■ ACTION ITEM:
What you return should be every line below, word for word, and none of the images.

■ DATASET CONTENT:
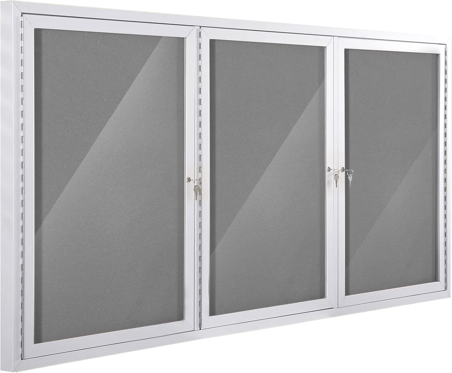 SWANCROWN Weather Resistant Enclosed Bulletin Board Gray Fabric Displays Boards Wall Mounted Notice Cabinet with Three Locking Doors, 70x36 inches
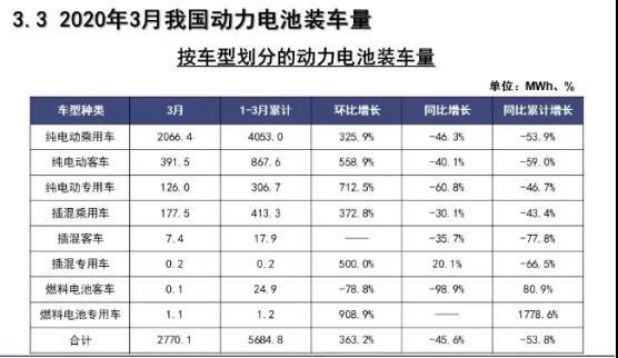 2020年1-3月,我國動力電池裝車量累計5.7GWh,同比累計下降53.8%。其中三元電池裝車量累計4.3GWh,占總裝車量76.1%,同比累計下降53.0%;磷酸鐵鋰電池裝車量累計1.3GWh,占總裝車量23.5%,同比累計下降52.3%。
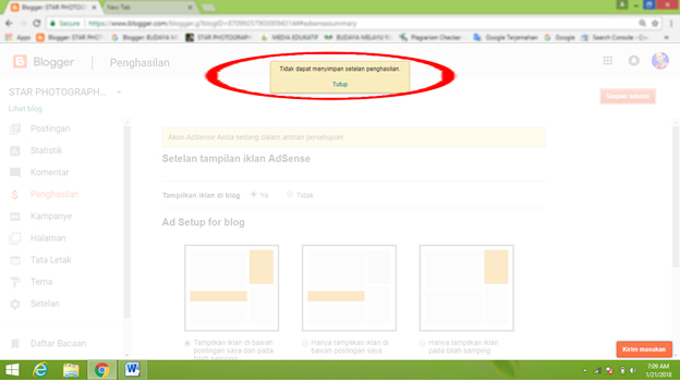 penghasilan anda dan silahkan Menyimpan Setelan Penghasilan Adsense anda.
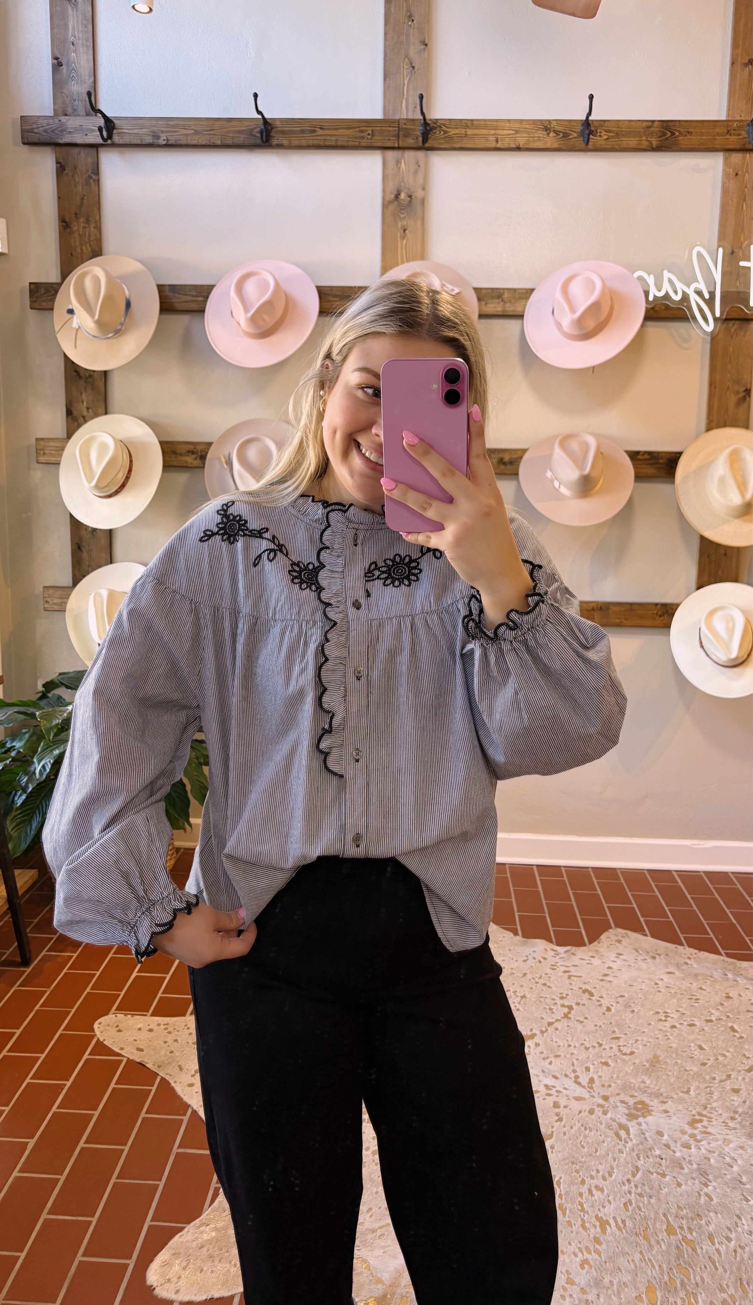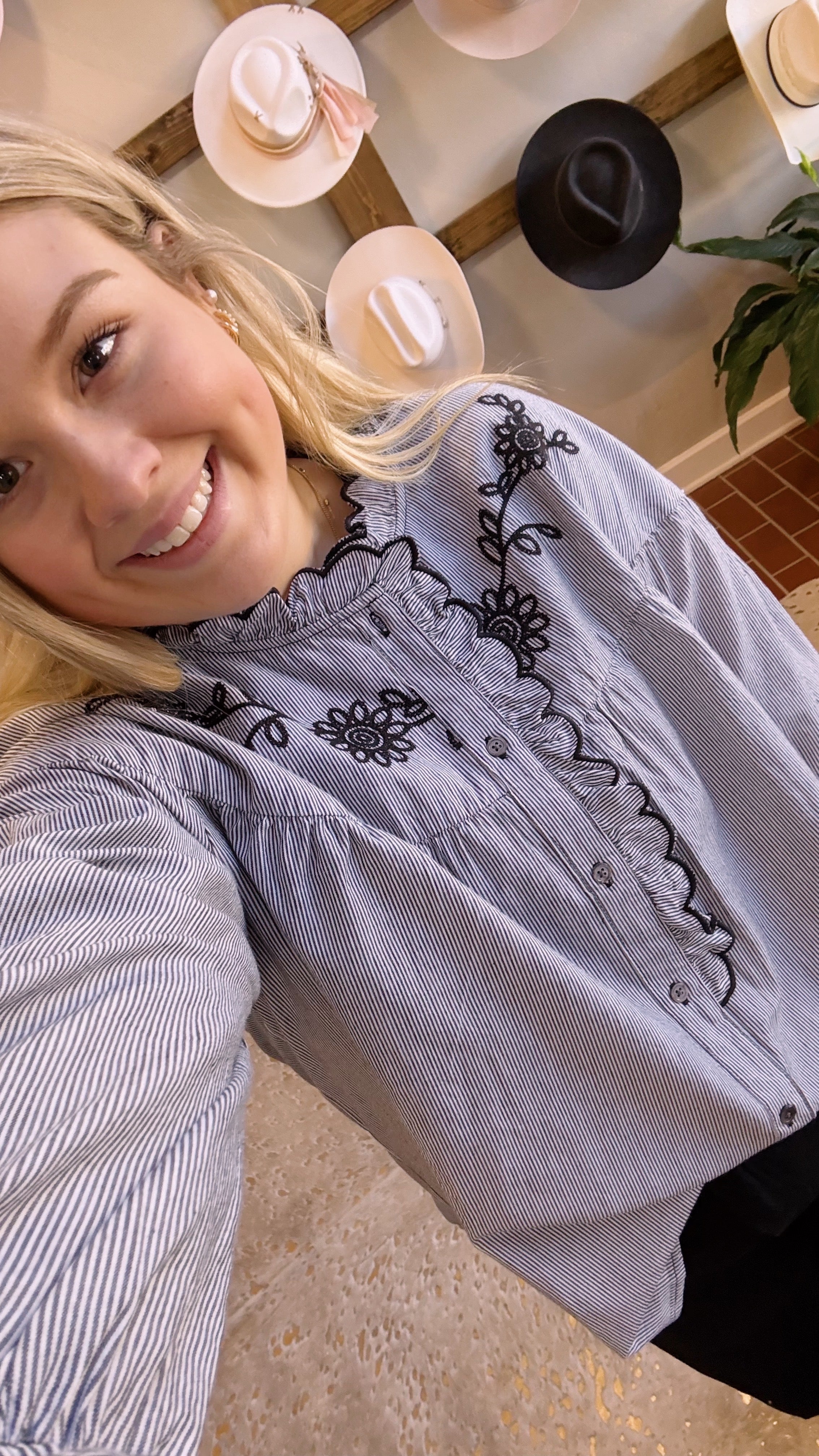 Embrace timeless elegance with the long-sleeve Hilary shirt, featuring intricate embroidery with a touch of sophistication.

■ RESULT:
 SWANCROWN Weather Resistant Enclosed Bulletin Board Gray Fabric Displays Boards Wall Mounted Notice Cabinet with Three Locking Doors, 70x36 inches
 2020年1-3月,我國動力電池裝車量累計5.7GWh,同比累計下降53.8%。其中三元電池裝車量累計4.3GWh,占總裝車量76.1%,同比累計下降53.0%;磷酸鐵鋰電池裝車量累計1.3GWh,占總裝車量23.5%,同比累計下降52.3%。
 penghasilan anda dan silahkan Menyimpan Setelan Penghasilan Adsense anda.
 Embrace timeless elegance with the long-sleeve Hilary shirt, featuring intricate embroidery with a touch of sophistication.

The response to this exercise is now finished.